Extending the answer of bjcolby15:
It is assumed that all of the weights are only allowed on one side of the scale and the object to be weighed is on the other side of the scale.
Any positive integer can be expressed in base $2$ format. In such a format, each digit in the expression will be either $1$ or $0$. This bijects to determining which weights to use to weigh the object.
For example, $7$ equals $111$, written in base $2$. This corresponds to using the three weights of $4$, $2$, and $1$ to equal a weight of $7$. Note, that under the assumption that each weight is either used on a specific scale or not, there are only $2$ choices for each weight. Either use it or not.

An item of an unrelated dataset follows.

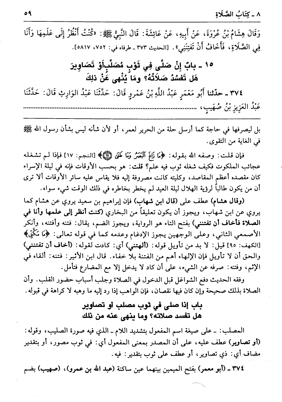 وَقَالَ هِشَامُ بْنُ عُرْوَةَ عَنْ أَبِيهِ عَنْ عَائِشَةَ قَالَ النَّبِىُّ - صلى الله عليه وسلم - «كُنْتُ أَنْظُرُ إِلَى عَلَمِهَا وَأَنَا فِي الصَّلاَةِ فَأَخَافُ أَنْ تَفْتِنَنِى». طرفاه 752، 5817

This is why base $2$ is so relevant. Because for each digit in a base $2$ representation, either the digit is $0$ (which corresponds to not using the weight) or $1$ which corresponds to using the weight.
See also, the Addendum below, which discusses an alternative assumption re the use of the weights.
Addendum
Changing the assumption of how the weights are to be used:
Suppose instead, that you place an object on the left scale, and that the weights may be placed on either the left scale or the right scale. This means that instead of having only $2$ choices for how to use each weight, you have $3$ choices:
Use the weight on the left scale, along with the object to be weighed. Imagine assigning the number $-1$ to the weight here.
Use the weight on the right scale, opposite the object to be weighed. Imagine assigning the number $+1$ to the weight here.
Don't use the weight at all. Imagine assigning the number $0$ to the weight here.
So, you have $3$ choices. This roughly corresponds to expressing numbers in a variant of the normal base $3$ format: instead of using the digits $0,1,2$, you use the digits $0,+1,-1$.
This is why (for example) $4$ weights are sufficient to weigh any object up to $40$. Because the weights of $1,3,9,27$ are used. Note that $\displaystyle 40 = \frac{3^4 - 1}{2}.$